Outra coisa: na época, Paulinho estava com a mobília bucal desfalcada, passando por um tratamento dentário que seria finalizado pouco tempo depois. Mas o dentista responsável não foi o Dr. Carlos Althier de Souza Lemos Escobar, que estava ali presente apenas na função de Guinga, compositor e violonista no início de uma carreira de sucesso.

A outra foto foi feita em 2001, por um fotógrafo ainda não identificado. O ambiente é o mesmo, o aposento que Paulinho chamava de “o quarto do som”. Na parede, fotos de grandes nomes da música: Djavan, Milton Nascimento com Sarah Vaughan e João Bosco, Clementina de Jesus com Turíbio Santos, Fátima Guedes, Tom Jobim descansando e Gilberto Gil no atabaque. Paulinho com Djavan e Aldir Blanc, Luiz Gonzaga e Vinícius de Moraes…Nesta foto, Paulinho Albuquerque achava que tinha ficado parecido com o Vinícius de Moraes, que está ali ao lado. Alíás, Vinícius era o “Poetinha”, e Paulo Albuquerque era o “Paulinho”. Tinham em comum esse diminutivo carinhoso. Mas eram grandes figuraças, tipo extra-extra-large.

Paulinho e Guinga quase saíram na porrada…

Guinga

Minha história com o Paulinho só teve um momento ruim. Só um. E foi logo no meu primeiro disco, o Simples e Absurdo, de 1991. Aliás, esse disco só saiu por causa dele. O Paulinho se apaixonou pela minha música e disse:  “Cara, você já tá com 40 anos de idade, tem um monte de composições, você  tem que gravar um disco…”.

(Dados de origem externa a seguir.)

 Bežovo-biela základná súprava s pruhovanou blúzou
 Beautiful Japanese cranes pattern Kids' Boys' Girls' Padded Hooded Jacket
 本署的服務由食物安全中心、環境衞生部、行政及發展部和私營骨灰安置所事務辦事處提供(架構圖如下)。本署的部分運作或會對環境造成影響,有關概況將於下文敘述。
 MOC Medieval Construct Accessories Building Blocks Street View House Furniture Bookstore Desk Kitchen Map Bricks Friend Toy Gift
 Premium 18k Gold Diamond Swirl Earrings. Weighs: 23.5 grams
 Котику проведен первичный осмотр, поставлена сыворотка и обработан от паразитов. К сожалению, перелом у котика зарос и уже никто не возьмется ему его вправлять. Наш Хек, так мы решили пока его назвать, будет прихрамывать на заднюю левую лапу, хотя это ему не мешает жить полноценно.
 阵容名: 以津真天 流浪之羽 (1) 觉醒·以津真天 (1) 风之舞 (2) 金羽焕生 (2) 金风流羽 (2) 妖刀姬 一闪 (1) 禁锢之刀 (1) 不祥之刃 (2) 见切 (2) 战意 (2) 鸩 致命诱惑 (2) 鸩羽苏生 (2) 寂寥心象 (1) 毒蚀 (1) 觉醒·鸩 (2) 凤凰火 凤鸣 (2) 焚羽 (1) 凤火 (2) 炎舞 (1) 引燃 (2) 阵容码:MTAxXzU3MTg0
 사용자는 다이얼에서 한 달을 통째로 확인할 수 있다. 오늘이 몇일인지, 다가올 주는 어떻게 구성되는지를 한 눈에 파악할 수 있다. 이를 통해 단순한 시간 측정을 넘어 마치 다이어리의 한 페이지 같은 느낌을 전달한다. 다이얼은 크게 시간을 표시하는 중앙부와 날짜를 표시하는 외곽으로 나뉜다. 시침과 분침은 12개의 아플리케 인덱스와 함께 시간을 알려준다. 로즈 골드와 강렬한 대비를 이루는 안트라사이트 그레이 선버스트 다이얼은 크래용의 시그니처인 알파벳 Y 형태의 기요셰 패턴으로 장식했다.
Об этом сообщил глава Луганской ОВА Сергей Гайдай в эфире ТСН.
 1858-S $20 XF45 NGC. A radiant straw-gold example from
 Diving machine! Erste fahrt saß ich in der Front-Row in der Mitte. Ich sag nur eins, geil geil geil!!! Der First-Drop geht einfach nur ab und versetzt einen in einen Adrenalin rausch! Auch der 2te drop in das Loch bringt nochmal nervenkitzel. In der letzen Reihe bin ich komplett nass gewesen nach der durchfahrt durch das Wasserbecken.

Aí ele pegou essa bandeira e foi em frente. Foi mobilizando mais gente, e tal… Na verdade, eu devo esse primeiro disco a ele, a Aldir Blanc, Herbert de Souza (o Betinho), Vitor Martins e Ivan Lins. Depois, até 2006, o Paulinho fez todos os meus discos (Cheio de Dedos, Suite Leopoldina, Cine Baronesa e Noturno Copacabana), menos um, o Delírio Carioca, em 93, porque ele não teria tempo na época da gravação, e pediu para o Zé Nogueira assumir a produção. Mas mesmo assim, todo dia ele dava um jeito de passar lá no estúdio pra dar uma olhada…

Mas foi justamente no primeiro disco que eu e o Paulinho nos aborrecemos…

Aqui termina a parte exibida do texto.